Das Hinzuziehen des Integrationsamtes für eine Kündigung bei schwerbehinderten Arbeitnehmern ist erst nach den ersten sechs Monaten des Beschäftigungsverhältnisses notwendig.
Ablauf einer Kündigung bei Schwerbehinderung
Um eine Kündigung eines schwerbehinderten Angestellten zu erwirken, bedarf es einer bestimmten Vorgehensweise. Zunächst meldet der Arbeitgeber die Kündigungsabsicht. Dies kann eine ordentliche oder außerordentliche Kündigung sein. Auch eine Beendigungs- oder Änderungskündigung ist hiervon betroffen. Weitere Beteiligte, wie die Schwerbehindertenvertretung und der Betriebsrat oder die Mitarbeitervertretung müssen frühzeitig vom Arbeitgeber über die geplante Kündigung informiert werden.
Im Anschluss stellt der Arbeitgeber beim Integrationsamt den Antrag auf Zustimmung zur Kündigung. Dieser Antrag muss schriftlich, vor Ausspruch der Kündigung, vorliegen. Danach wird der vorliegende Sachverhalt vom Integrationsamt ermittelt. Das Integrationsamt sucht das Gespräch mit dem schwerbehinderten Arbeitnehmer. Auch die genannten Beteiligten des Unternehmens werden zum Gespräch gebeten. Es kann vorkommen, dass ein gemeinsames Gespräch mit allen Beteiligten angedacht wird, um eine Klärung und gütliche Einigung erzielen zu können. Dies ist das oberste Ziel des Integrationsamts.

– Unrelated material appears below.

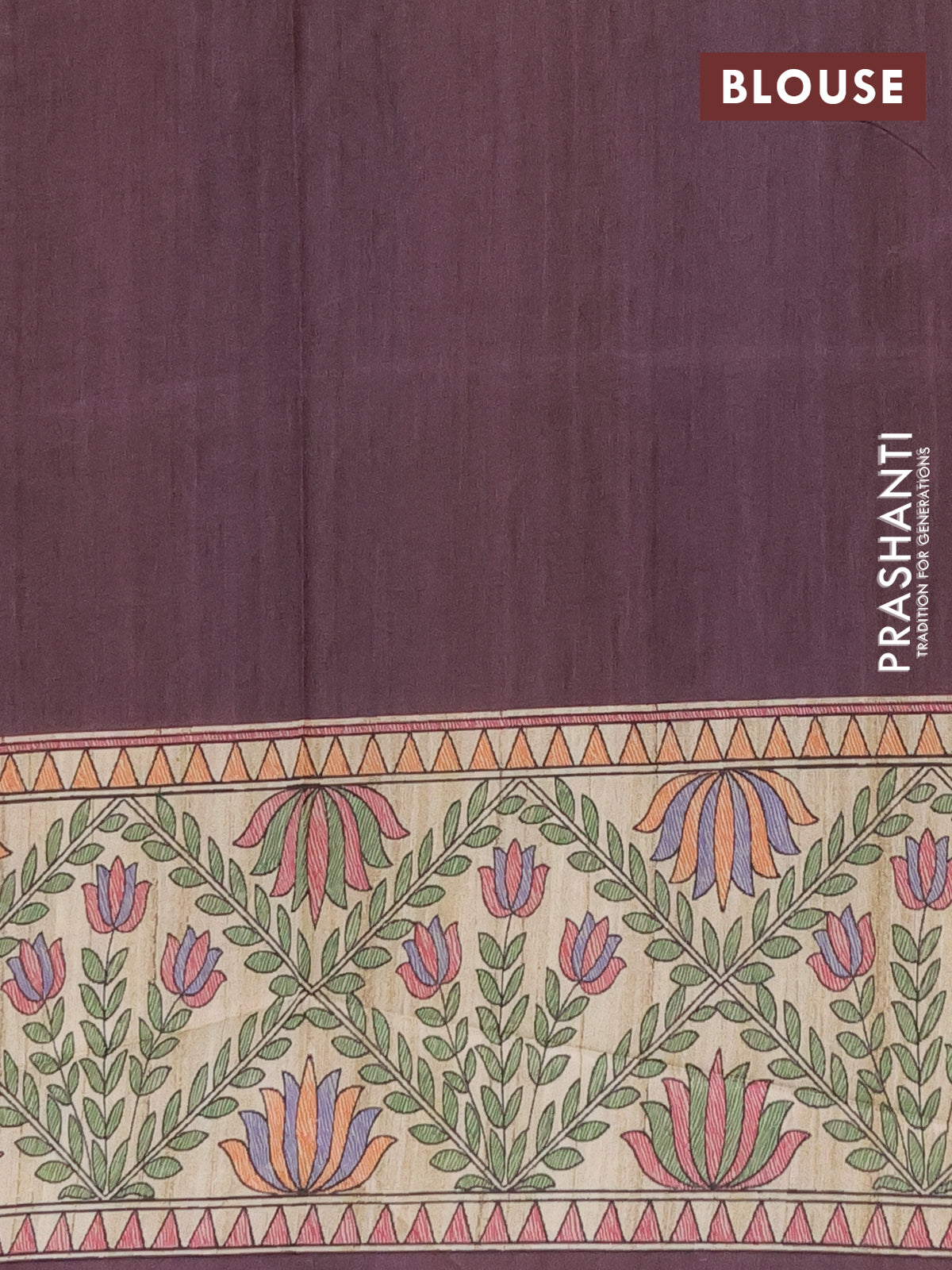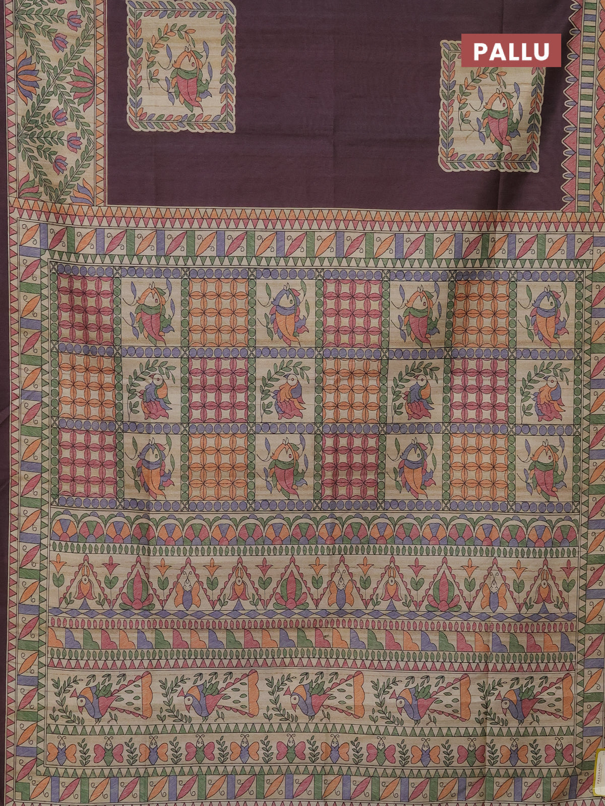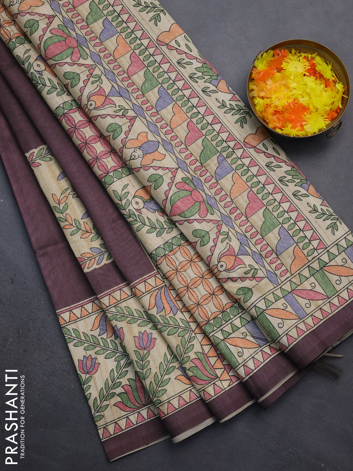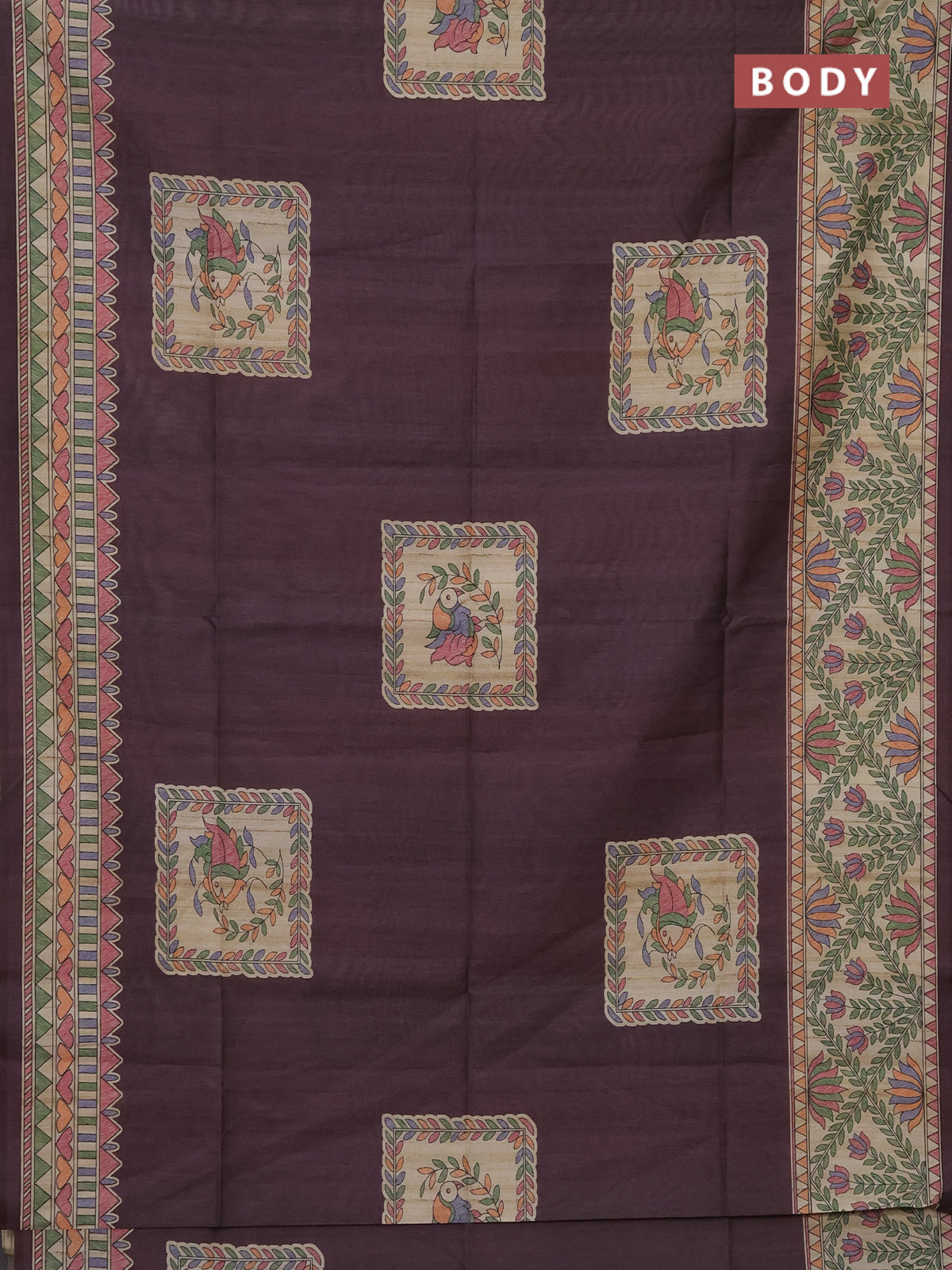 Semi tussar saree deep wine and beige with madhubani prints and printed border

Die Entscheidung über den Antrag auf Zustimmung zur Kündigung, der vom Arbeitgeber vorliegt, trägt ebenfalls das Integrationsamt. Die Entscheidung, ob die Zustimmung erteilt wird oder nicht, wird dem Arbeitgeber und dem schwerbehinderten Arbeitnehmer nach der Evaluation mitgeteilt. Stimmt das Integrationsamt der Kündigung zu, hat der Arbeitgeber einen Monat ab Zustellung der Kündigung Zeit, diese dem Arbeitnehmer gegenüber offiziell auszusprechen. Im Falle einer außerordentlichen Kündigung muss dies sogar sofort geschehen.
Versagen der Kündigung
Sollte die Zustimmung zur Kündigung durch das Integrationsamt nicht erfolgen, können Arbeitgeber gegen diese Entscheidung Widerspruch beim Integrationsamt einlegen. Als letzten Schritt, wenn auch der Widerspruchsausschuss den Widerspruch zurückweist, bleibt nur eine Klage beim zuständigen Verwaltungsgericht.
Kündigung ohne Zustimmung
Besteht das Arbeitsverhältnis noch nicht länger als sechs Monate beim Ausspruch der Kündigung, braucht es keine Zustimmung des Integrationsamtes. Auch eine einvernehmliche Aufhebung des Arbeitsverhältnisses in Form eines Aufhebungsvertrags ist ohne Integrationsamt möglich. Weitere Möglichkeiten sind das Auslaufen eines befristeten Arbeitsvertrags oder die eigenständige Kündigung durch den schwerbehinderten Angestellten.